A cura de Elizabeth não ocorreu por meio de explicações intelectuais, mas sim quando a matriz materna foi desvelada e a mãe, em um ato de coragem real, confessou sua própria vida secreta e seus desejos ocultos de dezoito anos. Ao retirar as projeções e segredos de cima da filha, a mãe liberou Elizabeth de carregar seu fardo inconsciente. O ego da jovem pôde finalmente fazer a faxina de sua velha atitude mental, substituindo a violência da purgação por rituais de verdadeiro cuidado físico e acolhimento de suas próprias imperfeições humanas.
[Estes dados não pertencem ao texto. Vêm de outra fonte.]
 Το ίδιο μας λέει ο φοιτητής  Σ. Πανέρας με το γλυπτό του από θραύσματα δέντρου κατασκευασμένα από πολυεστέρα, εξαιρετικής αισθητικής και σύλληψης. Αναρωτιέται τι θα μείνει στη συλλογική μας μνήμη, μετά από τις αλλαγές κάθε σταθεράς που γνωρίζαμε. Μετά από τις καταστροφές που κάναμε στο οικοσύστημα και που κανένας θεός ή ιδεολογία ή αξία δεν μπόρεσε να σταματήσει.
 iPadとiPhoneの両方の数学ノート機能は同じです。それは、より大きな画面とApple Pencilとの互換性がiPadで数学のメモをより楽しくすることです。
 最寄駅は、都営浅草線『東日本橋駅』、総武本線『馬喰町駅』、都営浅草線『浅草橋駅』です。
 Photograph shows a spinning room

O Corpo como Vaso Sagrado e a Sabedoria de Sofia

Para reverter o vício da perfeição, a mulher precisa trilhar o caminho de retorno ao corpo compreendido como um “vaso sagrado. Woodman utiliza uma poderosa metáfora etnológica para descrever essa perda de centro: a história de uma tribo australiana primitiva que recebeu de seus deuses uma árvore ou tronco sagrado. Eles carregavam esse tronco para onde quer que fossem, pois ele constituía o eixo de comunicação entre o céu e a terra, o centro organizador de seus valores, esperanças, autoconfiança e amor. O espaço delimitado ao redor do tronco era o cosmo sagrado; fora dele, residia apenas o caos. No dia em que o tronco se quebrou, a tribo inteira lançou-se ao chão e esperou passivamente pela morte, pois a vida havia perdido completamente o sentido.
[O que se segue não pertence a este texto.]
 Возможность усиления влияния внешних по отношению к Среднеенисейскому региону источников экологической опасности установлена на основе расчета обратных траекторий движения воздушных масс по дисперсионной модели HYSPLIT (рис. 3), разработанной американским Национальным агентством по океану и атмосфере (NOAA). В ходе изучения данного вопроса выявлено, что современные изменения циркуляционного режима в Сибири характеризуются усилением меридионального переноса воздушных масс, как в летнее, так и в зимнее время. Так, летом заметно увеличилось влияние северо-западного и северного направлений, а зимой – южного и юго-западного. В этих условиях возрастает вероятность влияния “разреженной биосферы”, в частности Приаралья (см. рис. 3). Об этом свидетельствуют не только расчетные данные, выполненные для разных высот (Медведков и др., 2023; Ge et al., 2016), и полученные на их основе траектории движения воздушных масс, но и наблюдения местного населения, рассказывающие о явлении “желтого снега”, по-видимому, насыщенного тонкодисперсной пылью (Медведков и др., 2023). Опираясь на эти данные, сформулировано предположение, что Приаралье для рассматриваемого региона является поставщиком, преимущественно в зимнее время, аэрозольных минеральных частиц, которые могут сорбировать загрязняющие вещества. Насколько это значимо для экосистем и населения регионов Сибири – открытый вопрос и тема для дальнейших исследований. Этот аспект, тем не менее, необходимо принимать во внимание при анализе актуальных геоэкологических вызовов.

Para muitas mulheres modernas, a quebra do vínculo instintivo e amoroso com o próprio corpo equivale à quebra daquele tronco sagrado. Desconectadas de sua matéria, elas caem em bolsões de desespero e ansiedade crônica, incapazes de simplesmente ser. Para uma mente que foi rigorosamente treinada e cobrada para fazer, para performar e alcançar metas externas, o ato de simplesmente ser parece sinônimo de fracasso ou de não-existência.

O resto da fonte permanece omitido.